• [What you are asked to do]
Return every line of the records below verbatim, with no pictures in the copy.
[Dataset — start]
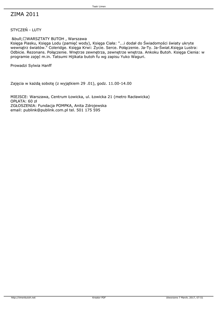 Teatr Limen ZIMA 2011 STYCZEŃ - LUTY •WARSZTATY BUTOH , Warszawa Księga Piasku, Księga Lodu (pamięć wody), Księga Ciała: "...i dodał do Świadomości światy ukryte wewnątrz światów." Coleridge. Księga Krwi: Życie. Serce. Połączenie. Ja-Ty. Ja-Świat.Księga Lustra: Odbicie. Rezonans. Połączenie. Wnętrze zewnętrza, zewnętrze wnętrza. Ankoku Butoh. Księga Cienia: w programie zajęć m.in. Tatsumi Hijikata butoh fu wg zapisu Yuko Waguri. Prowadzi Sylwia Hanff Zajęcia w każdą sobotę (z wyjątkiem 29 .01), godz. 11.00-14.00 MIEJSCE: Warszawa, Centrum Łowicka, ul. Łowicka 21 (metro Racławicka) OPŁATA: 60 zł ZGŁOSZENIA: Fundacja POMPKA, Anita Zdrojewska email: [email protected] tel. 501 175 595 http://limenbutoh.net Kreator PDF Utworzono 7 March, 2017, 07:51
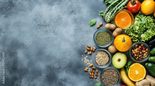 A Rainbow of Health: A vibrant and colorful assortment of fresh fruits, vegetables, and seeds, arranged artfully on a rustic grey background.
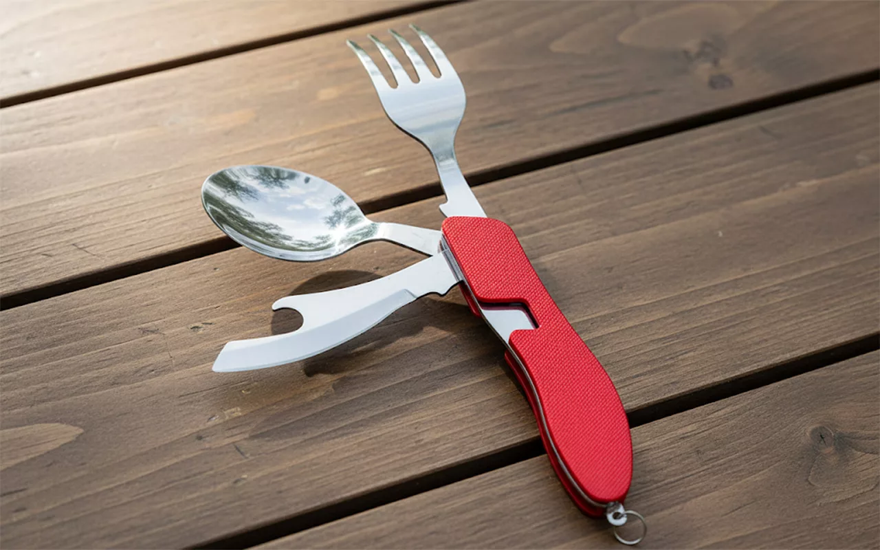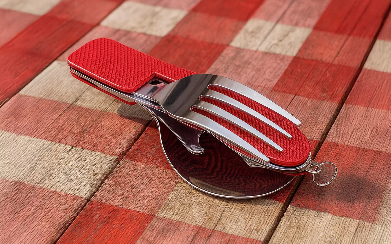 L'utensile da campeggio Threo ti permette di tagliare frutta e verdura, aprire lattine o bottiglie e mangiare con l'aiuto di una forchetta o un cucchiaio.
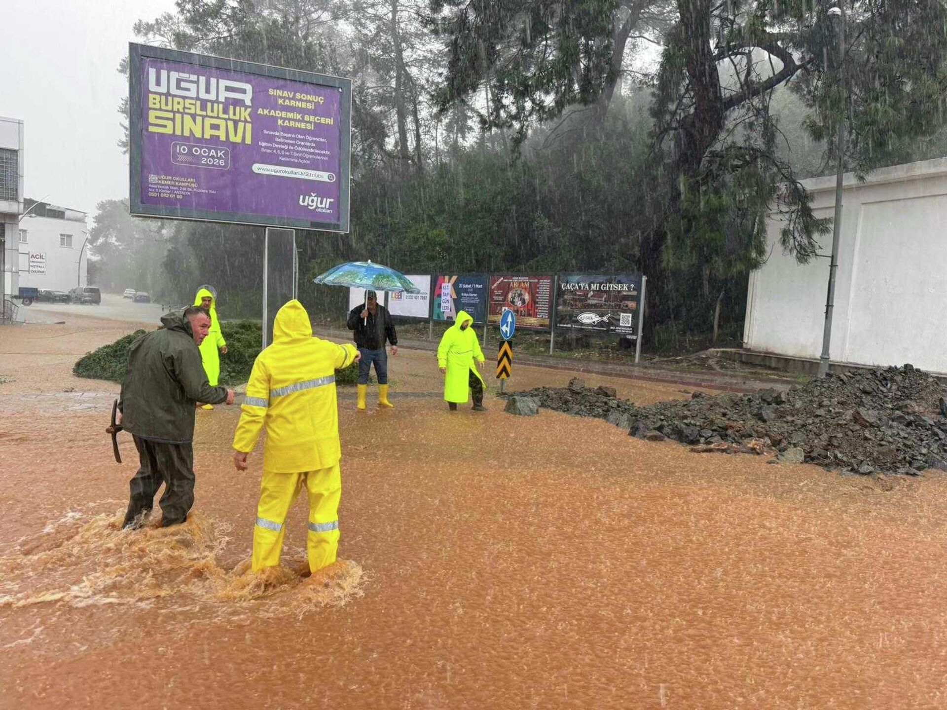 Kemer ilçesinde de sağanak nedeniyle çok sayıda cadde ve sokakta su baskınları oluştu. Belediye ekipleri suları tahliye ederken derelerin taşmaması için iş makineleriyle çalışma yaptı.
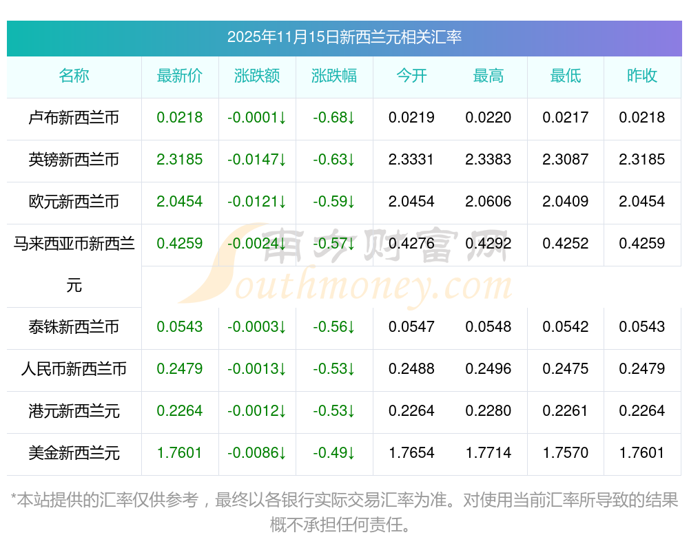 根據2025年11月15日匯率計算,NZD兌換CZK匯率最新價11.819300:今日開價11.8193,昨日收價11.8193,最高價11.8487,最低價11.7332。
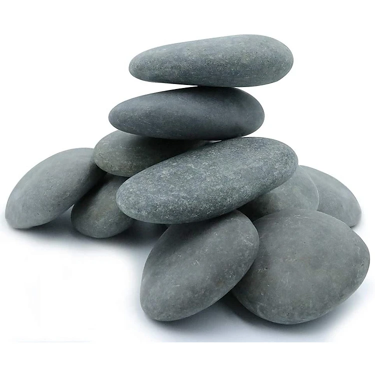 Đá sỏi đen viên lớn này rất tròn và đẹp, có nhiều màu đa dạng, chủ yếu là đen xám.
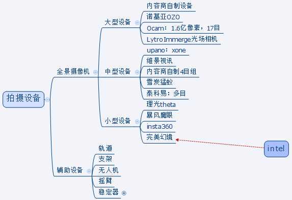 全景拍摄设备是今年一个新的发力点。拍摄全景主要方式是多摄像头拍摄和拼接,在 VR 视频出现前,一些拍摄全景的团队已经有不少相关技术积累。目前专业的全景拍摄设备还不完全成熟,不少公司也自制了相应设备,也出现一些创业公司专注于全景拍摄设备。遗憾的是,还没见到传统的拍摄设备巨头:佳能,尼康,索尼推出相应设备。
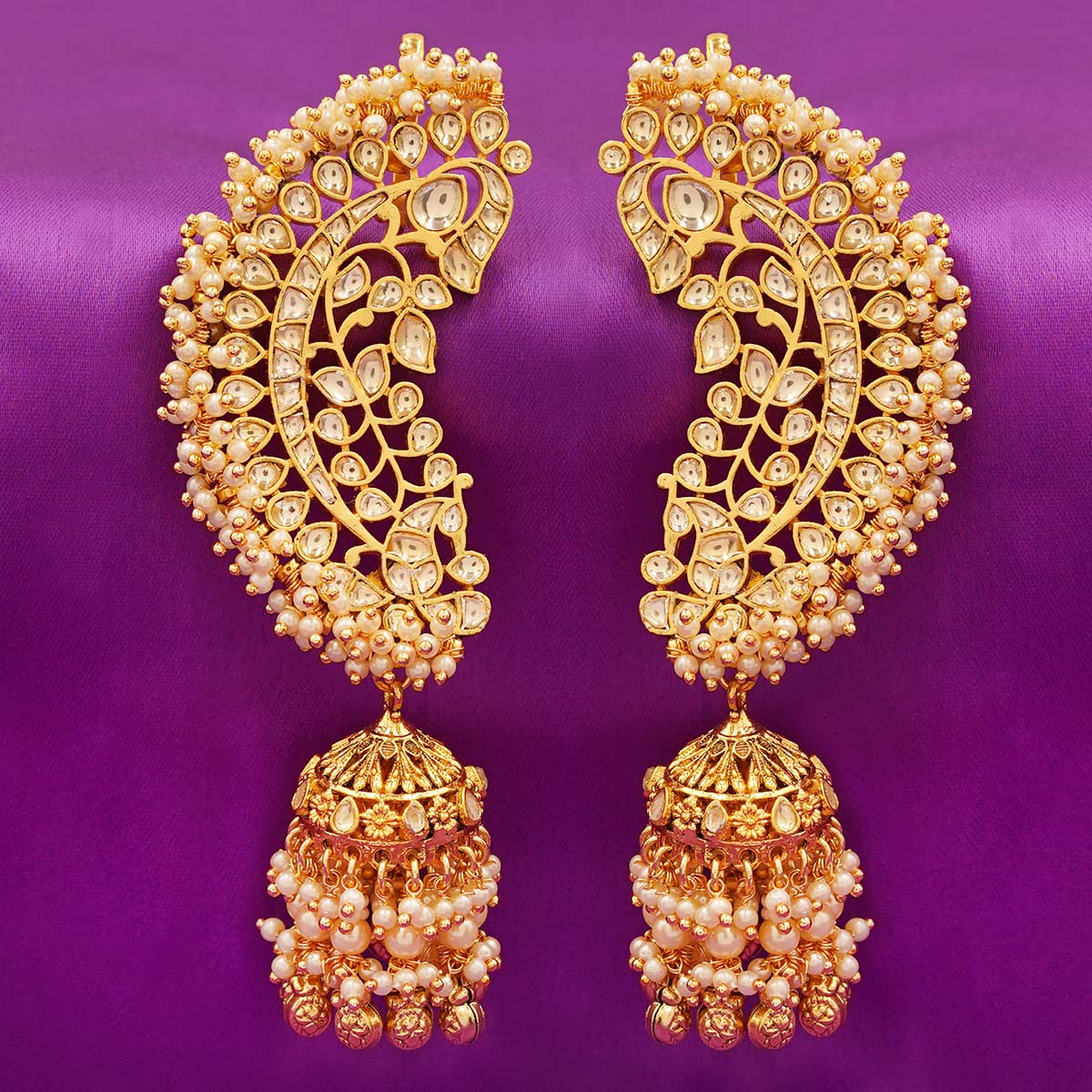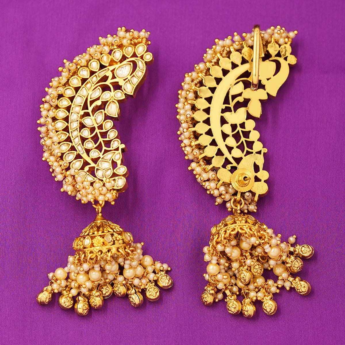Royal Kundan & Pearl Crescent Earrings with Jhumka Drops
[Dataset — finish]
• [Response]
 Teatr Limen ZIMA 2011 STYCZEŃ - LUTY •WARSZTATY BUTOH , Warszawa Księga Piasku, Księga Lodu (pamięć wody), Księga Ciała: "...i dodał do Świadomości światy ukryte wewnątrz światów." Coleridge. Księga Krwi: Życie. Serce. Połączenie. Ja-Ty. Ja-Świat.Księga Lustra: Odbicie. Rezonans. Połączenie. Wnętrze zewnętrza, zewnętrze wnętrza. Ankoku Butoh. Księga Cienia: w programie zajęć m.in. Tatsumi Hijikata butoh fu wg zapisu Yuko Waguri. Prowadzi Sylwia Hanff Zajęcia w każdą sobotę (z wyjątkiem 29 .01), godz. 11.00-14.00 MIEJSCE: Warszawa, Centrum Łowicka, ul. Łowicka 21 (metro Racławicka) OPŁATA: 60 zł ZGŁOSZENIA: Fundacja POMPKA, Anita Zdrojewska email: [email protected] tel. 501 175 595 http://limenbutoh.net Kreator PDF Utworzono 7 March, 2017, 07:51
 A Rainbow of Health: A vibrant and colorful assortment of fresh fruits, vegetables, and seeds, arranged artfully on a rustic grey background.
 L'utensile da campeggio Threo ti permette di tagliare frutta e verdura, aprire lattine o bottiglie e mangiare con l'aiuto di una forchetta o un cucchiaio.
 Kemer ilçesinde de sağanak nedeniyle çok sayıda cadde ve sokakta su baskınları oluştu. Belediye ekipleri suları tahliye ederken derelerin taşmaması için iş makineleriyle çalışma yaptı.
 根據2025年11月15日匯率計算,NZD兌換CZK匯率最新價11.819300:今日開價11.8193,昨日收價11.8193,最高價11.8487,最低價11.7332。
 Đá sỏi đen viên lớn này rất tròn và đẹp, có nhiều màu đa dạng, chủ yếu là đen xám.
 全景拍摄设备是今年一个新的发力点。拍摄全景主要方式是多摄像头拍摄和拼接,在 VR 视频出现前,一些拍摄全景的团队已经有不少相关技术积累。目前专业的全景拍摄设备还不完全成熟,不少公司也自制了相应设备,也出现一些创业公司专注于全景拍摄设备。遗憾的是,还没见到传统的拍摄设备巨头:佳能,尼康,索尼推出相应设备。
Royal Kundan & Pearl Crescent Earrings with Jhumka Drops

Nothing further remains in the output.